Although it was already classified as an Efficiency-Driven Economy in 2014, in 2015 Egypt gained some positions in the overall ranking with respect to the previous year (FIG. 1 & FIG.2). This is the result of major improvements in the country’s institutions particularly in physical security, judicial system, and a protection of property rights. Some improvements have also been achieved on the financial market development side due to contemporary reforms, such as the contraction of energy subsidies and taxes, together with a greater political stability after years of riots.
THE MARKET POTENTIAL INDEX
The Market Potential Index describes the commercial possibilities available in a country, it focuses on 8 different dimensions: market size, market growth rate, market intensity, market consumption capacity, commercial infrastructure, economic freedom, market receptivity and country risk.
Data calculated by the International Business Center of the Michigan State University for 87 countries excluding the U.S. on a scale from 1-100, are weighted in the following way: Market Size* (25/100); Market Intensity* (15/100); Market Growth Rate* (12.5/100); Market Consumption Capacity* (12.5/100); Commercial Infrastructure* (10/100); Market Receptivity* (10/100); Economic Freedom* (7.5/100); Country Risk* (7.5/100).
*For a better understanding of how these measures are estimated, please refer to the tables at the bottom of the page of this link: http://globaledge.msu.edu/mpi/2015
Upon review of the 2015 statistics for Egypt (FIG. 3), it can be concluded that the country’s market size is quite small. The country is on average well positioned for what concerns the Market Growth rate although the latter has decreased with respect to the past (71/100 in 2014; FIG. 4). The Market Intensity measures the richness of one market with respect to another in terms of purchasing. This indicator is among the highest values in the table and furthermore has increased within a year (it was 69/100 in 2014. The same trend has been followed by Market Consumption Capacity that nevertheless in general scores low.
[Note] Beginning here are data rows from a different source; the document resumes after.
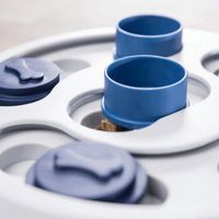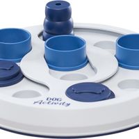 Het Trixie Dog Activity Game Flip & Fun 23 x 23 cm is een bordspel voor uw hond waarbij uw huisdier verschillende technieken moet gebruiken om zijn beloning te krijgen. Het spel is gemaakt van kunststof en voorzien van een kegel als stop, verschillende kommen en schuifdeksels. Door de kegel als stopper te gebruiken, kan de moeilijkheidsgraad worden verhoogd. De anti-slip rubberen ring zorgt ervoor dat het speeltje niet wegglijdt tijdens het spelen. Bij het spel wordt ook een handleiding geleverd met tips en trucs om de training te optimaliseren.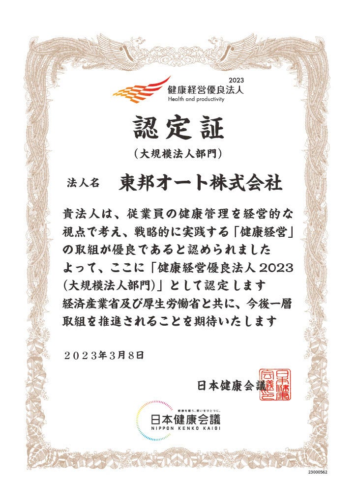 東邦オート・グループ3社「健康経営優良法人2023」(大規模法人部門)に認定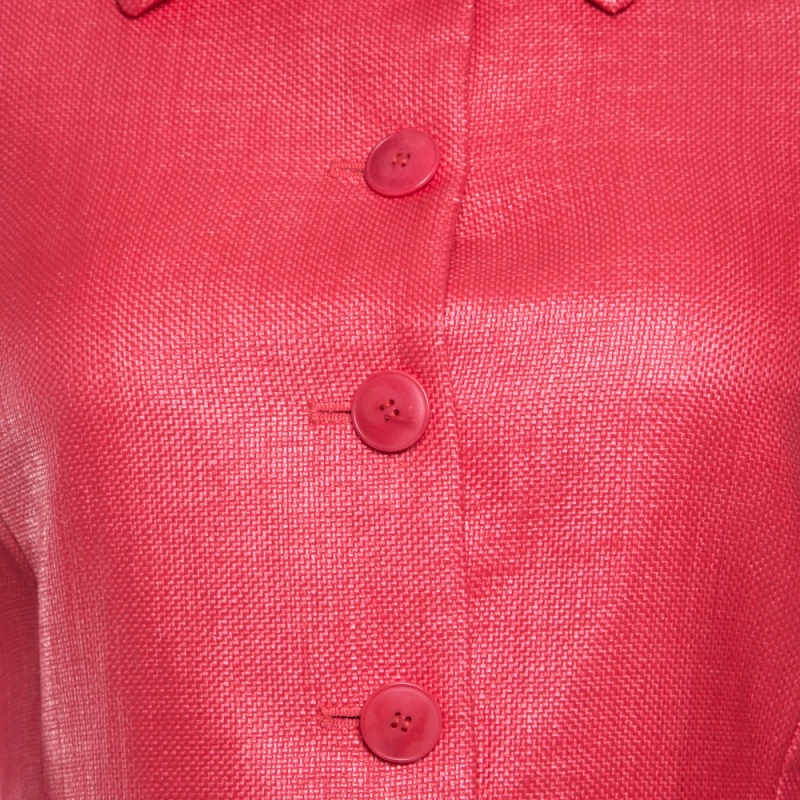 Craft your impeccable formal style in this Emporio Armani blazer. Designed in a peplum shape, this elegant creation flaunts a recognised collar with a buttoned closure and long sleeves. The perfect fitting of this textured pink blazer promise a striking corporate look.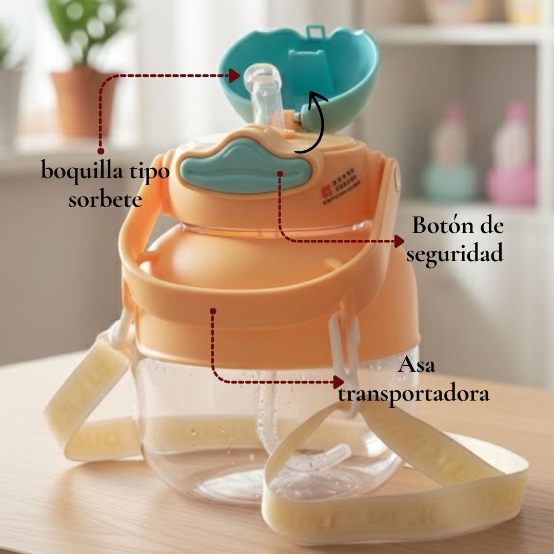 Gracias a su tamaño práctico y su sistema antiderrames, es perfecto para el colegio, paseos, viajes o actividades diarias, evitando accidentes y facilitando su uso autónomo.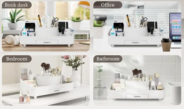 Organizator KOSEYA predstavlja popolno kombinacijo praktičnosti in stila, saj z vrtljivim sistemom in več predelki poskrbi za brezhibno organizacijo vaših najljubših izdelkov. Zaradi trpežnih materialov in elegantne oblike je primeren za dolgotrajno uporabo v različnih prostorih. Zagotovite si svojo urejeno toaletno mizico in izberite ta funkcionalen pripomoček za vsakdanjo uporabo ali kot pozorno darilo.

For what concerns the Commercial Infrastructure, Egypt has still some improvements to make. The strange statistics here regards the fact that the country has lost marks with respect to 2014 (-15 deterioration). When considering the Economic Freedom Index a score of 30/100 makes the country one of the most restricted in terms of financial freedom and property rights with a quite high index of corruption (36/100 for Transparency International with a score of 0 corresponding to very clean and 100 to highly corrupted). Corruption influences the government at all levels. The investigation mechanisms in place are weak which does not enable a stable rule of law. Although the new constitution grants the judicial system autonomy, it is not fully institutionalized. In terms of property rights, many investors and Egyptian citizens find their rights are not protected effectively and things have more or less not changed during the last year. The stable Market Receptivity score of 6/100 suggests that Egypt’s economy is less import-oriented. In the end, the Country Risk assessment places Egypt as one of the countries with the highest risks.
THE MIDDLE CLASS
It is simply possible to classify as middle class member households with a disposable income of over 10000 $ or with earnings between 10 to 100$ per day.
During the last years the importance of the Egyptian middle class has increased a lot. In 2015 in fact, data showed that the latter represented the 39% of the total country population of 85 million (Nielsen, 2015), accounting for the 45% of the total country disposable income. These numbers with respect to the past (2000-2010 decade) have increased mainly thanks to the end of the restrictive Mubarak’s regime. The latter is good news because a growing middle class means only one thing: good market opportunities.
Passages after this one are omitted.